Native People and the Church Rock Nuclear Spill

By Michael J. Lynch, University of South Florida, FL

The Church Rock nuclear spill occurred on July 16th, 1979. It ranks as one of the world’s largest nuclear spills. It ranks as one of the world’s largest nuclear spills (Brugge, deLemos and Bui, 2007). The spill occurred at a uranium mine site near lands owned by the Navajo Nation. The spill is reported to involve more than 1,100 tons of solid radioactive waste and 95 million gallons of radioactive waste water. It is the largest radioactive/nuclear accident in US history, yet one that is widely ignored because its consequences were felt primarily by Native American peoples in the sparsely population Church Rock region of New Mexico (Brugge, deLemos, and Bui 2007).

The spill resulted when an earthen dam system used to contain nuclear mine waste constructed on a geologically unstable site, as acknowledged he owner of the site, United Nuclear, failed causing flood of radioactive waste that impacted the Puerco River and Navajo communities in the region. Following the spill, the Navajo people who used the Puerco River waters were notified of the spill by radio broadcast. However, many of those residents do not speak English. Groundwater contamination was a serious concern, and the level of radioactivity was so high that groundwater was unusable. A factor that limited aid to the Navajo was that the Governor of New Mexico refused to declare the incident a disaster. (For extended discussion of the spill see New Mexico Environmental Improvement Division document).

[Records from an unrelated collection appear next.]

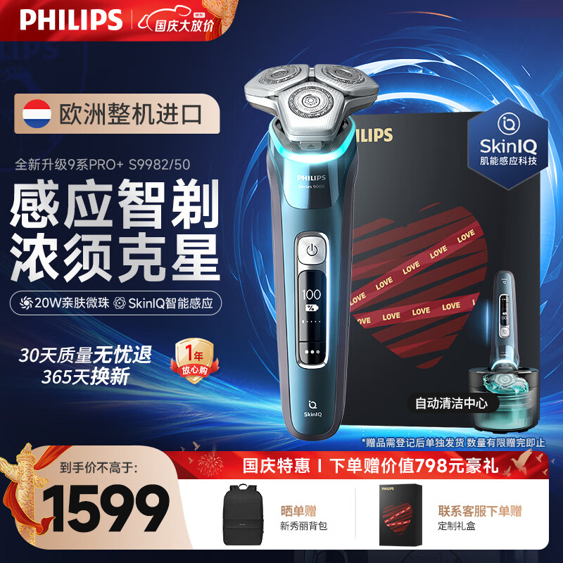 飞利浦(PHILIPS)男士电动剃须刀蜂巢9系Pro SkinIQ科技【整机荷兰进口】【送老公送长辈 生日礼物】S9982价格:1699.00元!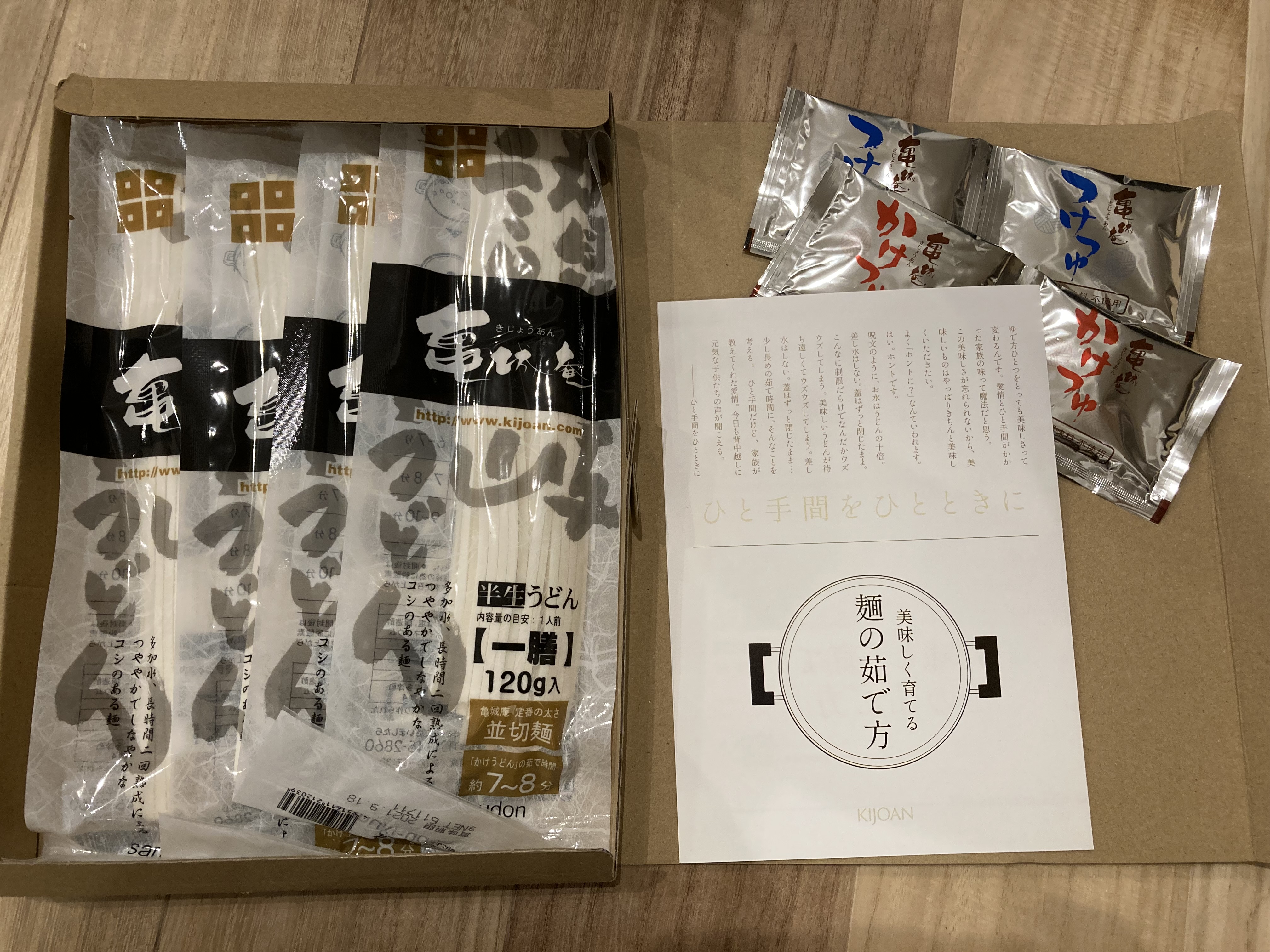 つゆ付きはかけうどん用のかけつゆとざるうどんやぶっかけうどんに最適なつけつゆの2種類が入っています。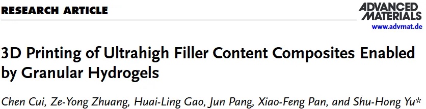 Chen Cui, Ze-Yong Zhuang, Huai-Ling Gao, Jun Pang, Xiao-Feng Pan, and Shu-Hong Yu* 等报道了一种通过将高膨胀率和干燥收缩的粒状水凝胶融入硬填料颗粒流,来克服 3D 打印复合材料中最大填料含量限制的新策略。以空心玻璃微球(HGMs)和粒状聚丙烯酸(PAA)水凝胶构建相图,实现了 HGM 质量分数高达 99.2 wt.% 的复合材料打印。该复合材料展现出类似陶瓷泡沫的脆性断裂行为、高透波性(0.996)和低导热率(0.045 W m⁻¹ K⁻¹ )。通过在微电路板上制作高 HGM 含量的热屏蔽,验证了其局部热保护性能,为 3D 打印超高填料含量复合材料创造更复杂结构和实现先进功能开辟了新途径 。🎉🎉🎉相关成果“3D Printing of Ultrahigh Filler Content Composites Enabled by Granular Hydrogels”发表于《Adv. Mater.》!🎉🎉🎉崔晨为第一作者。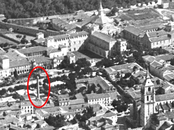 Y también una tercera, en este caso una fotografía aérea de Alcalá tomada en 1932, en la que la chimenea se distingue perfectamente dado que no se trata de una fotografía cenital en la que se pierde la perspectiva, sino que está tomada a baja altura y en un ángulo que permite apreciar los detalles.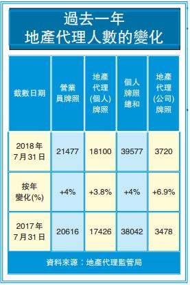 至於以公司為單位的牌照數目亦持續創新高。地產代理(公司)牌照7月錄得數字為3720,按年增長6.9%;至於反映分行數字的營業詳情說明書,7月按月多30間至7006,按年增長5.1%。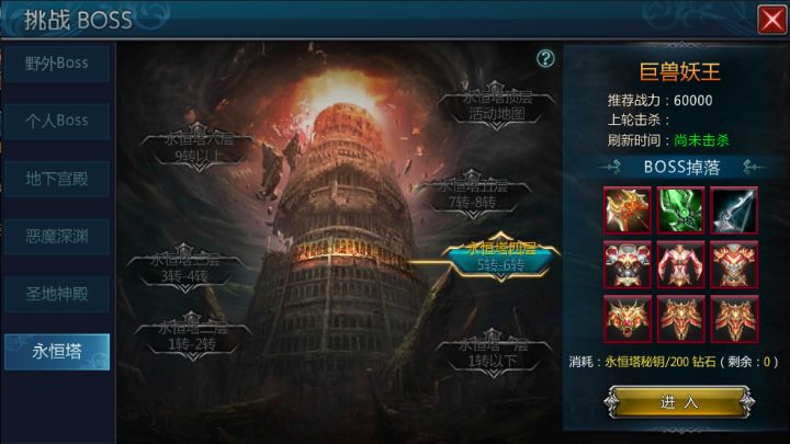 永恒塔用来封印强大的上古魔兽,塔内充满神秘而恐怖的气息,从四面八方聚来的勇士都争相进入冒险挑战。 通过主界面右上方的“BOSS”图标进入,进入需要消耗永恒塔秘钥或者200钻石。永恒塔一共分为6层,达到相应的等级才能挑战相关的层数,每层都有强力的BOSS驻守,击杀BOSS可获得极品装备稀有材料。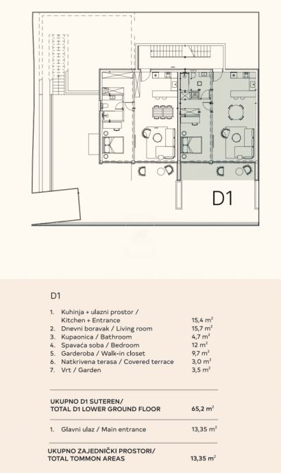 Novogradnja, 65 m2, terasa i vrt, GPM, Dubrovnik, D1 (prodaja)
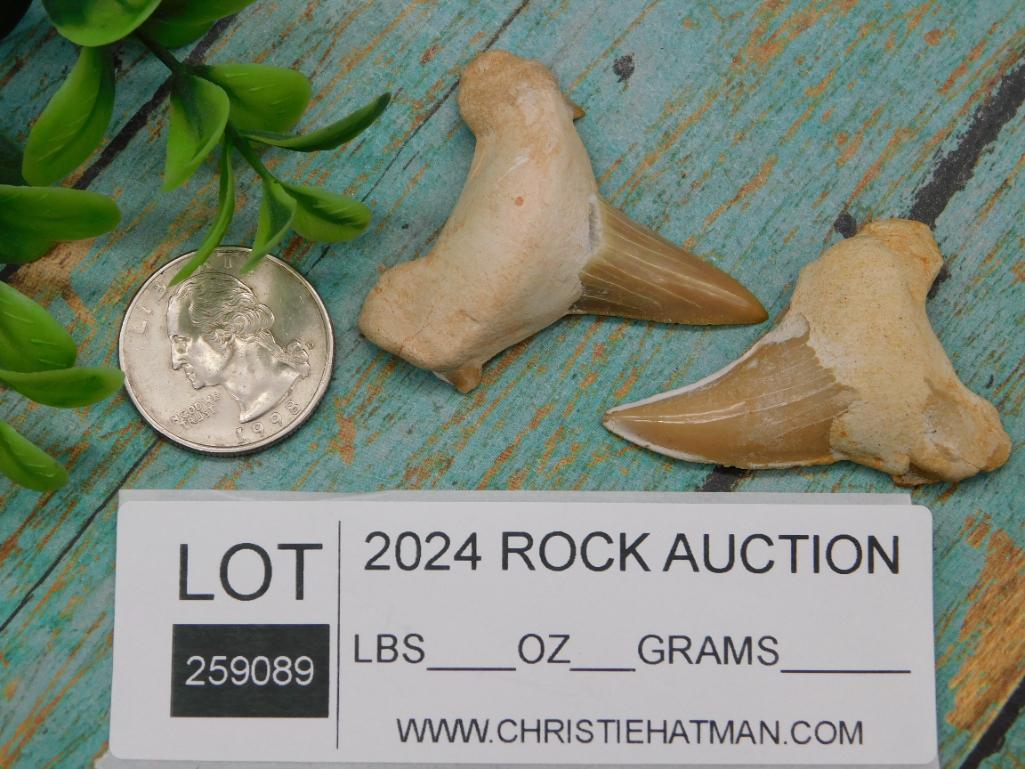 SHARK TEETH SET OF 2 ROCK STONE LAPIDARY SPECIMEN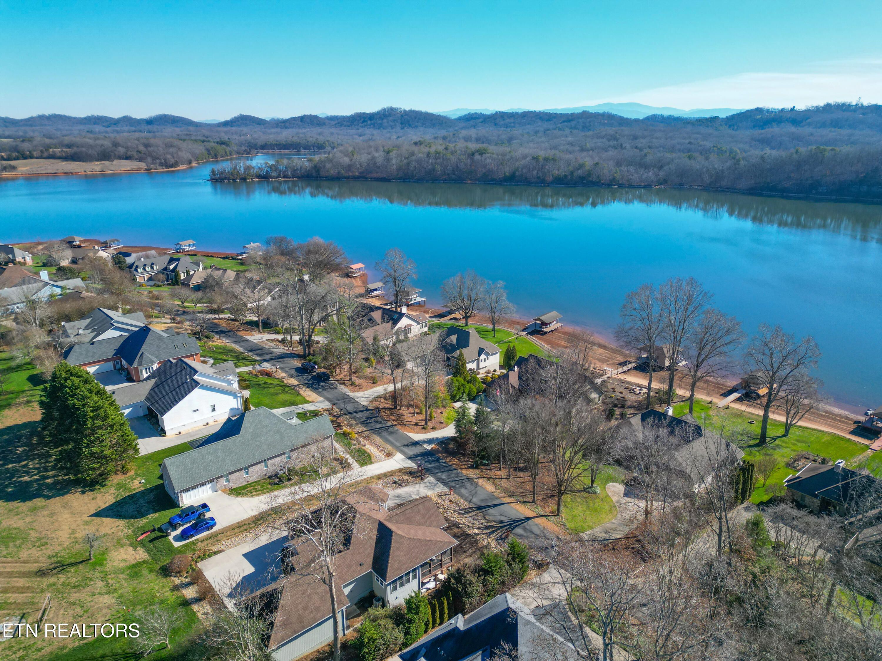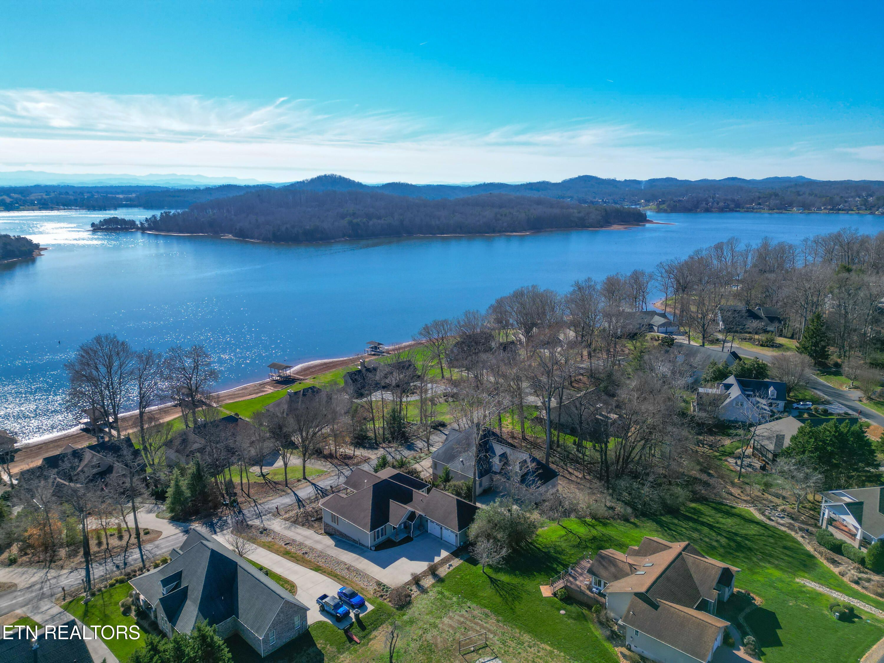 Location, Location, and more! One of the most beautiful views in the entire Tellico Village Lake & Golfing Community nestled within the highly desired Toqua neighborhood. Custom built by BR2 Builders, this incredible home delivers captivating lake and mountain views. A walker's treasure with gorgeous, wooded walking paths right outside your front door, especially great for walking in shade during the summer heat. Take your golf cart directly to the course or enjoy a beautiful walk over to the clubhouse for the friendliest neighborhood restaurant & bar with a full menu, including the best burgers in town. Specifically designed for aging in place and low maintenance, this home has wide open doorways, hallways, showers and an open-concept floor plan that makes everyday living effortless. The kitchen features custom cabinetry in warm natural tones, stainless steel appliances, and gorgeous, leathered granite countertops. The great room centers around a stone fireplace and the 65'' Samsung TV remains with the home, perfectly positioned for relaxed evenings. From both the living and dining rooms, doors open to a spacious, covered deck and a separate screened porch, extending your living space outdoors. A wide staircase leads to the lower level, where an inviting great room awaits with phenomenal views, perfect for relaxing or entertaining. This level includes 2 bedrooms, a full bath, and a brand new rec room further enhancing the home's versatility and abundant storage space. Step outside to the large, covered lower patio, ideal for outdoor seating, a fire pit, or grilling while taking in the peaceful surroundings. The home offers spacious parking and sits adjacent to a large common area at the rear, offering an added sense of openness and privacy. An oversized 2.5-car garage provides ample room for vehicles and your golf cart, kayaks, hiking gear, bicycles.... This beautifully crafted lake-view home blends thoughtful design, quality construction, and unforgettable scenery into a property that truly stands out. This home was designed with a purpose ! A rare opportunity to find carefree lake living with space, style, and comfort in every single detail!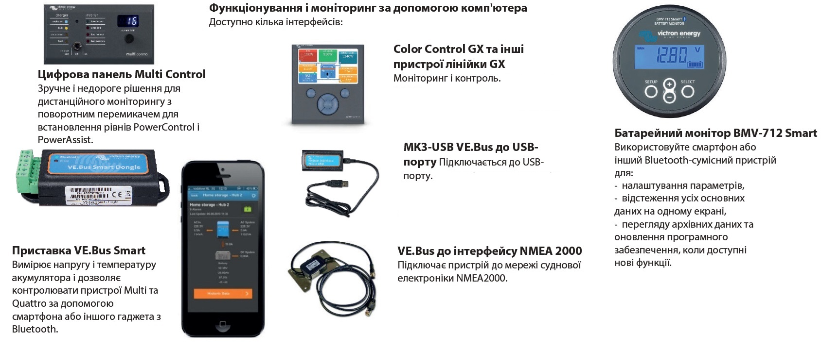 Контролер GX – розширює функціонал інвертора завдяки портам VE.Can та VE.Direct, Ethernet, Bluetooth, WiFi та USB, які дозволять підключити систему до мережі інтернет, хмарного сервісу VRM в т.ч. всі інші модулі системи (MPPT-контролери, вимірювальні шунти, акумуляторні LiFePO4 батареї з BMS і все це дуже зручно налаштовувати, контролювати та відслідковувати прямо з телефону у будь-якій точці світу).
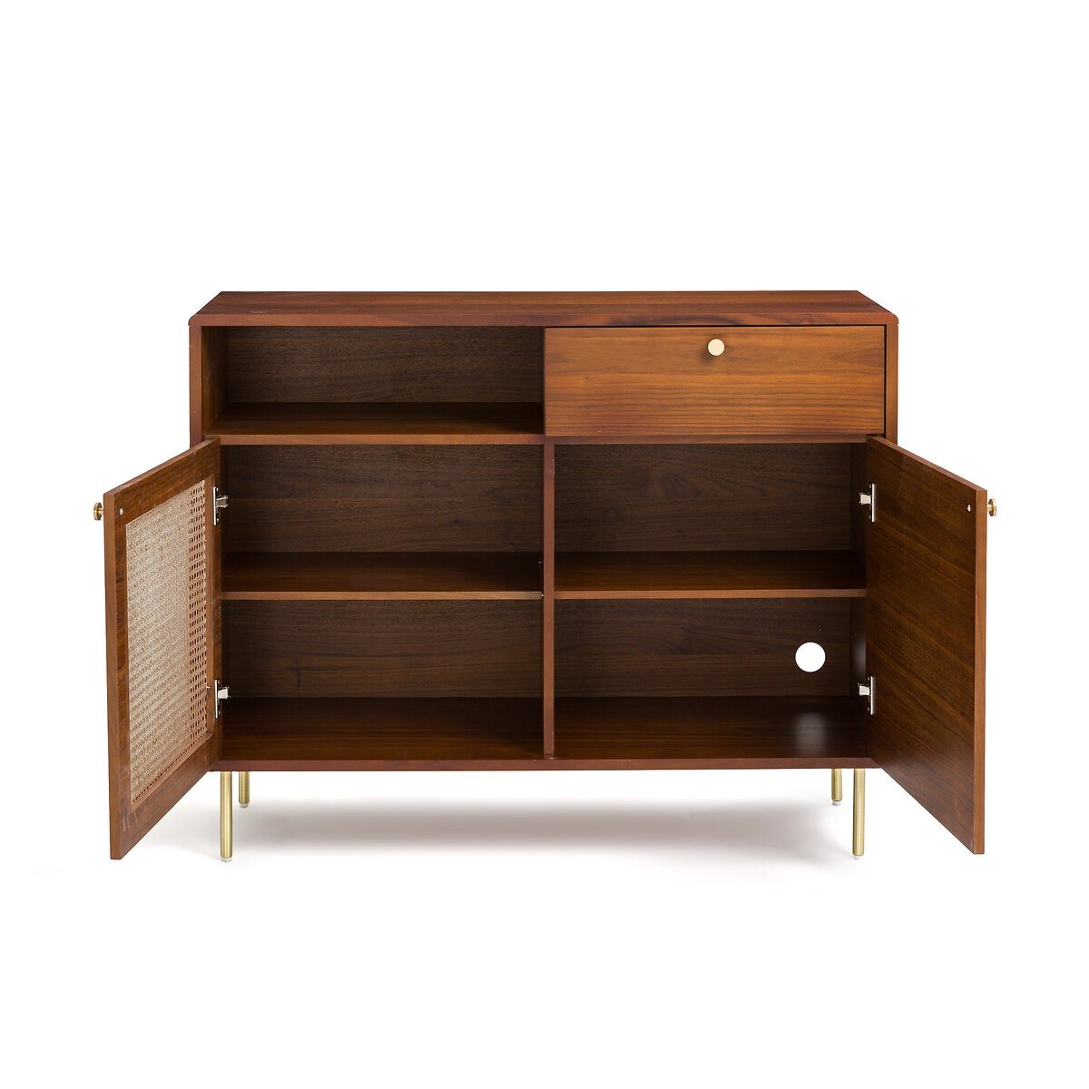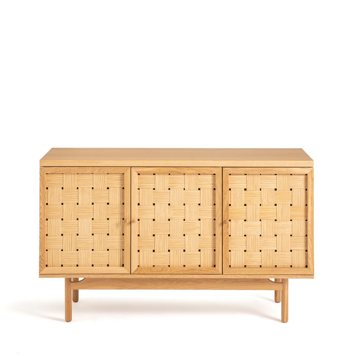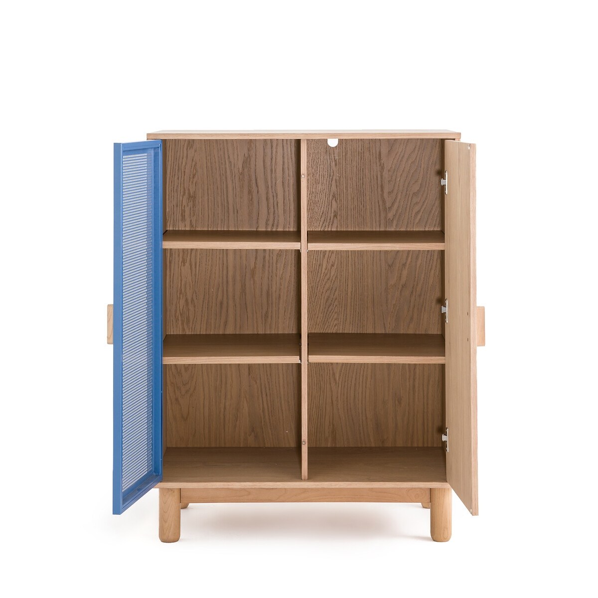 Шкаф из массива сосны и плетеного материала Gabin бежевого цвета

The community most affected was Church Rock, a small Navajo community on the Puerco River with a 1980 U.S. Census population of 1,633. Approximately 12 percent (200 local Navajo) of the population were employed in uranium mining. The largely low income community depended on the Puerco River as a water source. The extensive ground water contamination produced by the incident had serious consequences for the Navajo even prior to the spill (Brugge, deLemos, and Bui 2007; for US EPA’s site description).

The owner of the retention pond that produced the spill, United Nuclear, claimed financial hardship and was allowed to resume operations using the damaged retention ponds which continued to contribute to groundwater contamination in the area. Following further investigation the Church Rock spill site was added to the Superfund List in 1983.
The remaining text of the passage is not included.